20th DECEMBER 2015
Luke 1: 39-45
Rev Tony van Vuuren

We should all be familiar with the biblical story of the Visitation. The story of a visit like no other! A convergence of seeming insignificance and portent. Mary rushes to be with her cousin Elizabeth, both of them pregnant.

One is carrying Jesus and the other is carrying John the Baptist. Luke wants us to recognize that both these pregnancies are biologically impossible; one is a virginal conception and the other is a conception that occurs far beyond someone’s childbearing years.

So there is clearly something of the divine in each. In simple language, each woman is carrying a special gift from heaven and each is carrying a part of the divine promise that will one day establish God’s peace on this earth.

During that visitation Elizabeth spoke those lovely words to Mary; “Blessed is she who believed that there would be a fulfillment of what was spoken to her from the Lord.” You could say that the central theme of the Gospel is the blessedness of those who believe.

All of Jesus’ preaching had as its aim to elicit faith in people’s hearts. However, it is not simply a matter of believing, but of believing and acting on that belief. It is a question of hearing the word and doing it—taking risks on it, and making sacrifices because of it.

Catherine Doherty, Catholic social worker and author, used to say, ”Don’t bother proclaiming that you believe unless you act accordingly.”

We sometimes hear people say, “It’s easy for you; you have great faith.” But it’s not like that. Faith doesn’t always make things easy. In fact, the opposite is more likely to be the case. It’s because one has faith that one refuses to give up.

Faith impels us to persevere, to struggle on, often with no guarantee of a happy outcome. A person with faith never gives up.
Mary is blessed because she not only believed, but also acted on her belief. Immediately after the visit from the angel Gabriel, she went with haste to visit Elizabeth. A long and hazardous journey. From this we see that her religion was not a matter of mere sentimentality.

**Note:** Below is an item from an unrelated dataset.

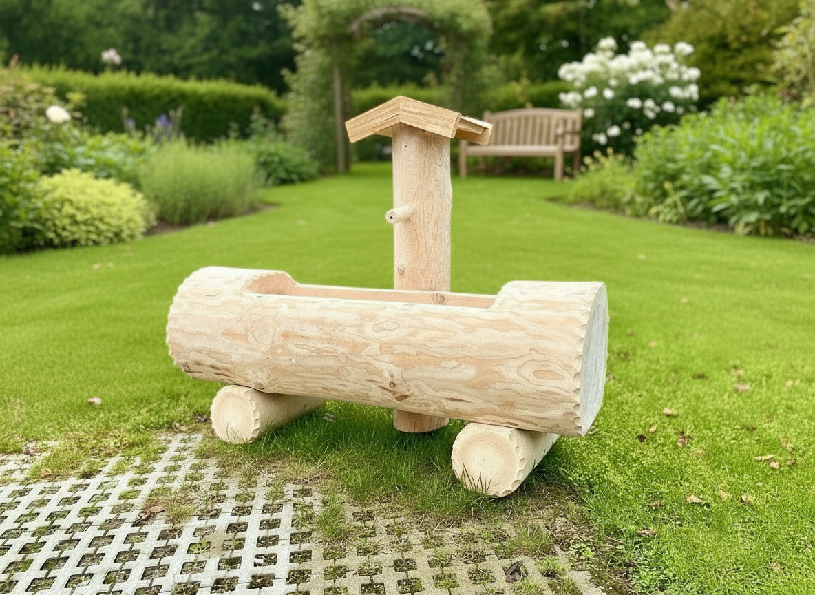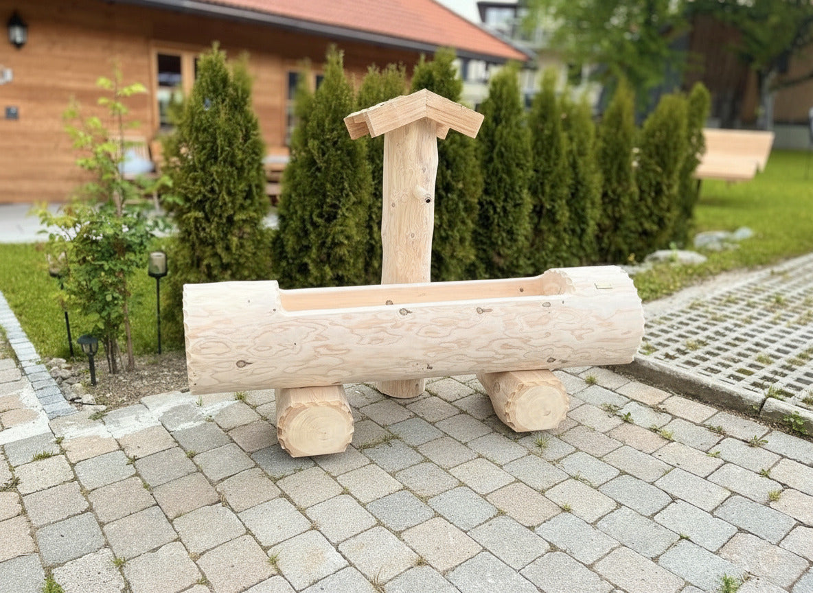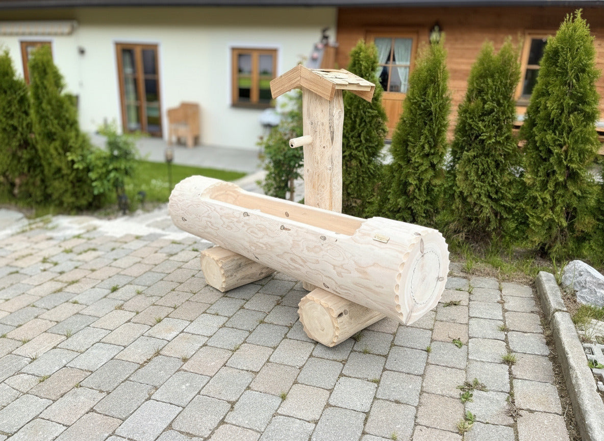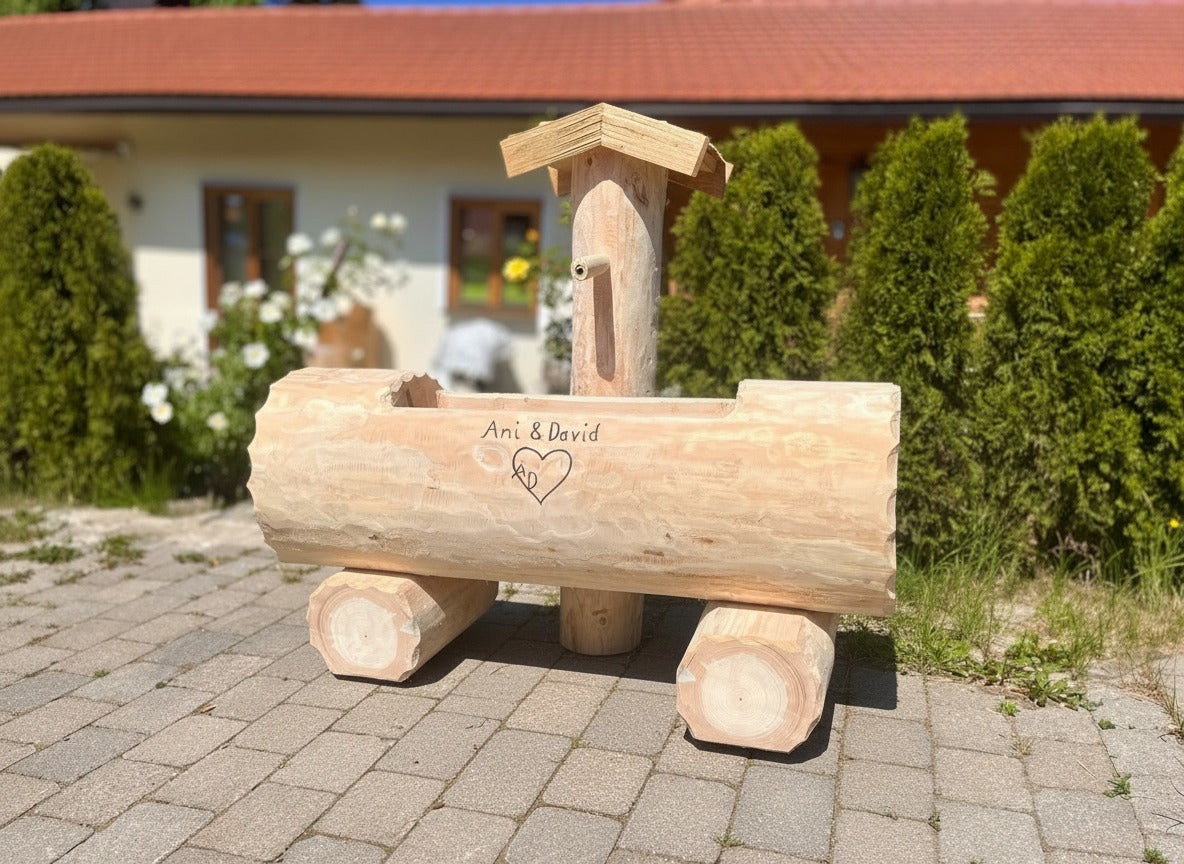 Eleganter Holzbrunnen mit massivem Tannenholztrog und fein geschliffener Oberfläche für samtweiche Haptik. Ein Lärchenholz-Schindeldach schützt die zentrale Säule zuverlässig vor Witterungseinflüssen und verleiht dem Brunnen zeitlose Ausstrahlung. Die rundgeformten Trogkanten bieten ergonomische Griffigkeit und harmonische Ästhetik. Dieses handwerklich gefertigte Gartenelement verbindet traditionelle Konstruktionsprinzipien mit hochwertigen Materialien und eignet sich hervorragend als Blickfang in anspruchsvollen Außenanlagen.

It was something she converted into deeds. Mary was the first and most perfect disciple of Jesus. That is why the Church proposes her as a model for us. We too will be blessed if, like Mary, we hear the word of God and act on it.

Talk about being blessed with folk who act on the word of God; St Michael’s has so many parishioners from all walks of life who live out their faith in reaching out, serving the community at large. Your service is greatly appreciated and we give thanks for the time spent answering the call to your ministry that you are serving and providing support to.

We have a great example right here in our parish of a young lady who has put her faith into action. Through her work in the Social Justice field Jessica Dewhurst is one of two young South Africans who have been chosen to be honoured by the queen of England for their social outreach work; together with others from around the world.

In our tumultuous world it’s hard to believe the prophetic words we hear today. Will there really be a time some day when God will gather all nations, colours and faiths into a peaceable kingdom, as Micah proclaims to us? Will there be, as Mary prophesies in her Magnificat, which follows directly on from today’s Gospel verse, a time when the promises entrusted to her come true?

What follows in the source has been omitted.